SI: Is Romo Too Fat And Lazy To Be A Clutch QB?

Sports Illustrated published a stand-alone fantasy football guide for the first time this summer. As fantasy guides go, it’s pretty solid.

It’s not as good as Pro Football Weekly’s annual edition, but it’s certainly more compelling than ESPN’s (which is written in the voice of the most annoying fan at the bar), or Street & Smith’s, or Big Jim Osnanski’s RotoGrid Broadsheet. It has all sorts of cool features: production matrices, trending charts, Peter King being a moron and taking a defense in the 6th round, and a lovely matte finish.

But the most interesting thing in the guide, by far, are the little ENEMY LINES sections for each team, featuring anonymous quotes from rival coaches (likely the quality control coach, but still, JUICY!). And the line on Tony Romo in the Cowboys’ section was particularly compelling:

The first six games of the season, Tony Romo will put up numbers because he’s fresh. The last 10 weeks, he’ll struggle because a player has to be a in great shape, and he doesn’t work to be in great shape; he has a lot of other things going on.

Of course, by “other things,” I assume the coach means any number of damning possibilities:

Dating buxom singers 

Dumping buxom singers 

Avoiding creepy fathers of buxom singers

Preventing buxom singers from polishing off the last tray of brownies 

Holding ranch salad dressing chugging contests with Nate Newton 

Death metal karaoke with Mr. Belding.

It’s quite the packed schedule for Romo, and this coach thinks it precludes him from working on stuff like, oh, holding on to snaps and what not. Usually, I’m in favor of athletes having a good time and leveraging their moment in the spotlight. You only get to be a rock star QB for so long, so it’s hard to blame Romo for spending an inordinate amount of time buried in Jessica Simpson’s Chicken of the Sea.

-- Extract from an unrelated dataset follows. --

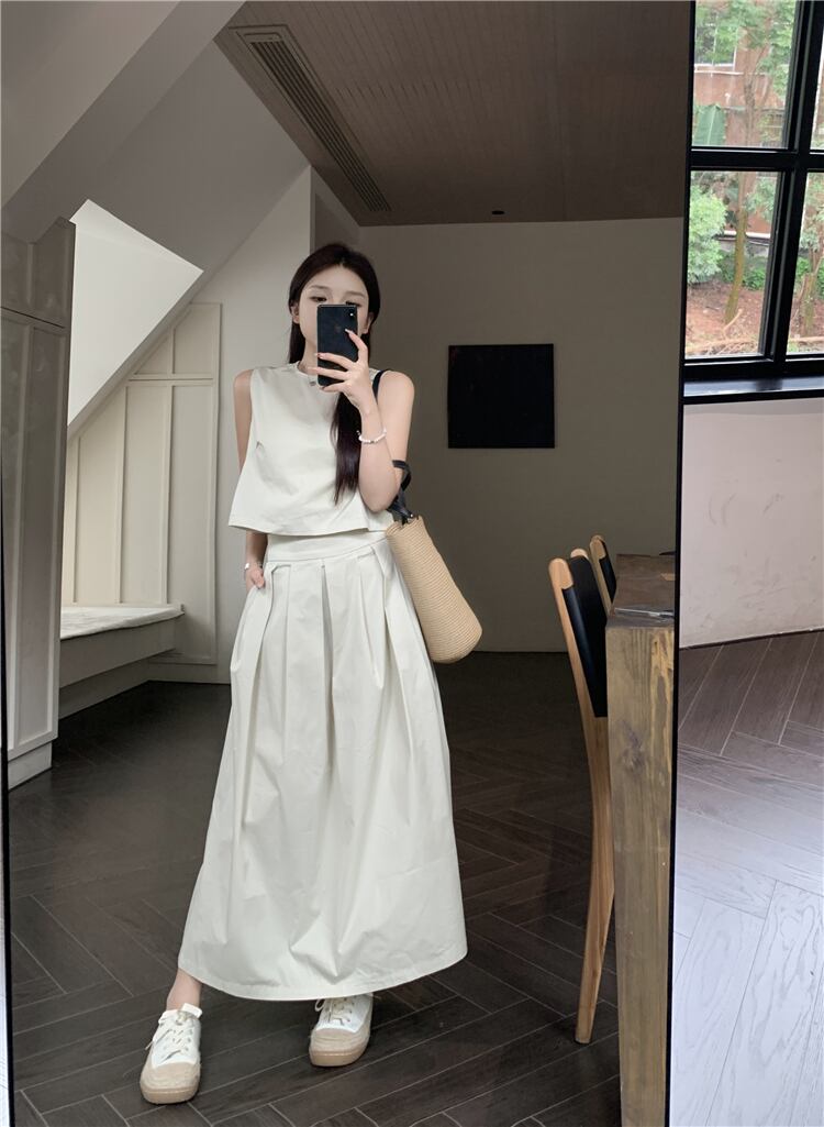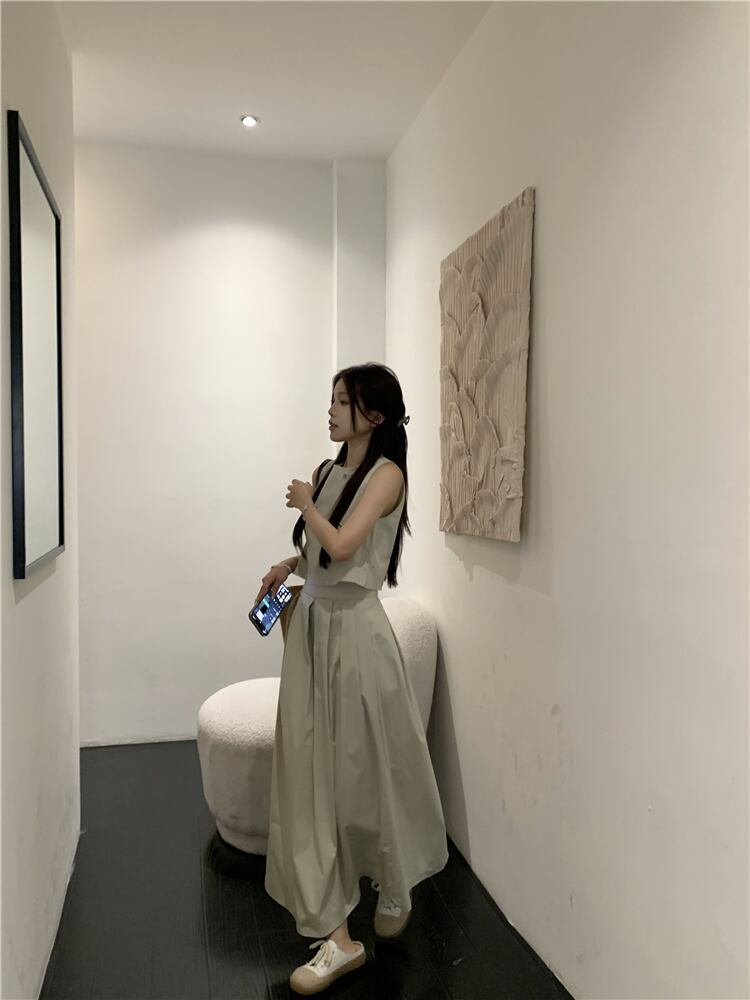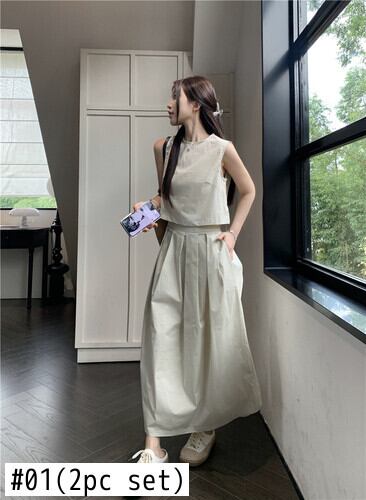 OL 通勤スーツ レディース 夏 ノースリーブ タンクトップ ウエストロングスカート 2点セット 服 サマー 夏物 会社 学校 通勤や通学にも

But this coach believes Romo spends so much time away from the game that it makes him more ineffective as the season progresses, and the Cowboys recent run of year-ending implosions would seem to back him up on that. It’s a stark contrast to someone like Tom Brady who, like Romo, hooks up with famous women and all that, yet continually maintains a reputation as one of the hardest-working players in the League.

Romo has acquiring the exact opposite reputation. And that’s a bad sign for anyone who’s looking forward to seeing him play an important game in December in optimal shape, and without his hands wrapped firmly around his own windpipe.